*WHAT IS NEEDED:*
Retype exactly what appears below from the line containing "Fourteen-story building with" down to the line containing "Em adultos, é", keeping both end lines. Do not include pictures.

*DATA TO EXAMINE:*

********

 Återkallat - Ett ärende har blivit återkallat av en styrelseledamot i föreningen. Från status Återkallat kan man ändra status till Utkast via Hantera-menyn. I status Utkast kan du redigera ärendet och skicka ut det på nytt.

********

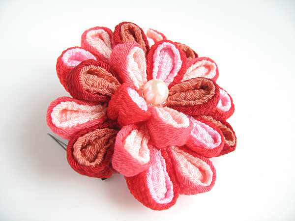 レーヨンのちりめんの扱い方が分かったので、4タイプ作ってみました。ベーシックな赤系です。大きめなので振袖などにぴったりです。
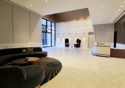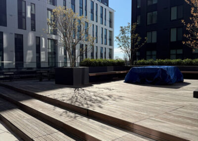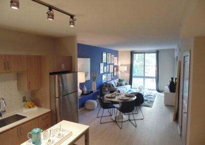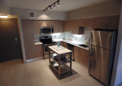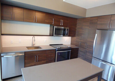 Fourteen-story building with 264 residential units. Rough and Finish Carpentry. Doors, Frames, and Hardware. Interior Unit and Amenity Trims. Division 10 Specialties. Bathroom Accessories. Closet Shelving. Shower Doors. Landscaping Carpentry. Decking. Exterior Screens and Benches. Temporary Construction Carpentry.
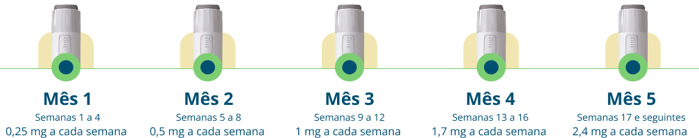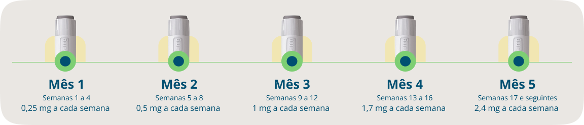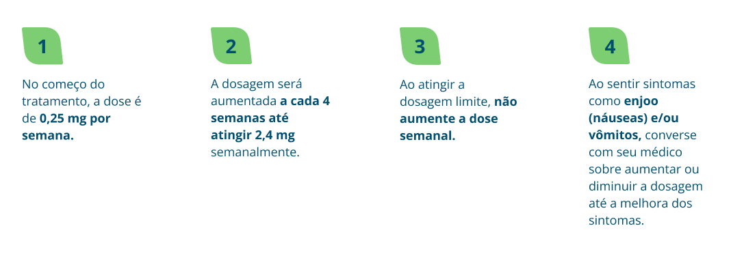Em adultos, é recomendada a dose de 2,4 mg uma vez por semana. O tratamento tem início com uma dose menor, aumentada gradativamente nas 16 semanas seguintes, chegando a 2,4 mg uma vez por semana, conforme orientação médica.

********

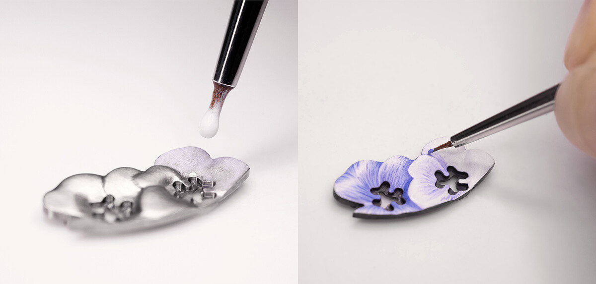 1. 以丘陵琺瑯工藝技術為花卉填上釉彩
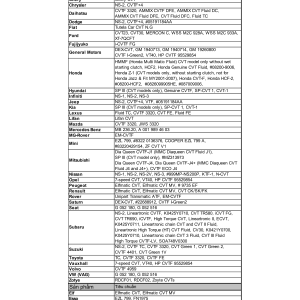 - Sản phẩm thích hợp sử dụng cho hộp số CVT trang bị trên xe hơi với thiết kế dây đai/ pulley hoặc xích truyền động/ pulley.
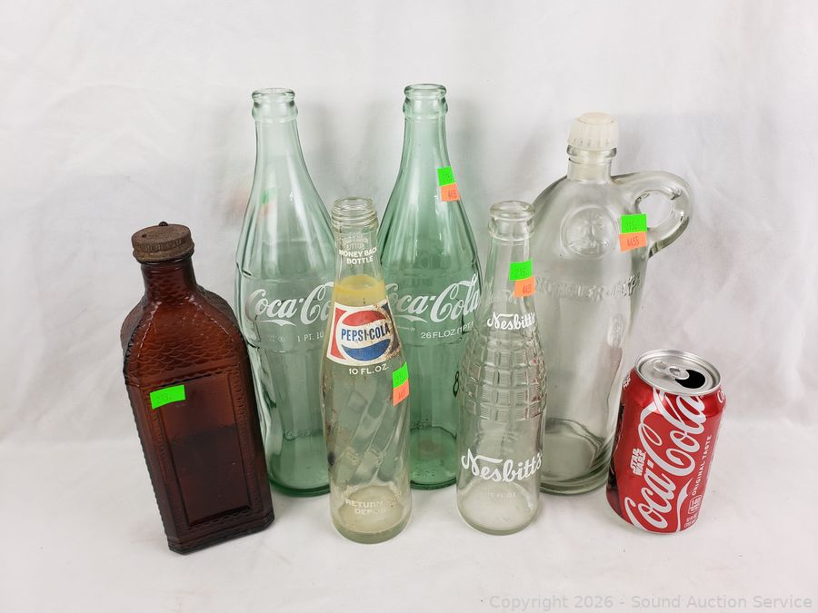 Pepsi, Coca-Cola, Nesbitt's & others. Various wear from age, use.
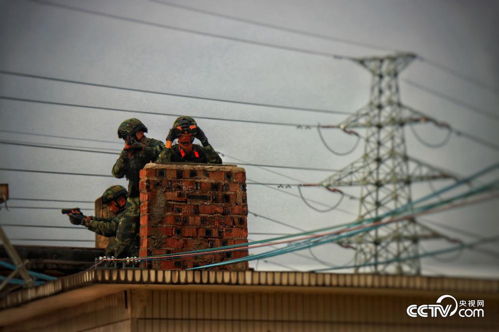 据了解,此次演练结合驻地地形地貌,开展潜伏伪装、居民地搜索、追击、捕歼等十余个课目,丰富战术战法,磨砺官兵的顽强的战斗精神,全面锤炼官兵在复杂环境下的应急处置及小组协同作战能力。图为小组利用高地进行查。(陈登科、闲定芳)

********

*RESPONSE AREA:*
 Fourteen-story building with 264 residential units. Rough and Finish Carpentry. Doors, Frames, and Hardware. Interior Unit and Amenity Trims. Division 10 Specialties. Bathroom Accessories. Closet Shelving. Shower Doors. Landscaping Carpentry. Decking. Exterior Screens and Benches. Temporary Construction Carpentry.
Em adultos, é recomendada a dose de 2,4 mg uma vez por semana. O tratamento tem início com uma dose menor, aumentada gradativamente nas 16 semanas seguintes, chegando a 2,4 mg uma vez por semana, conforme orientação médica.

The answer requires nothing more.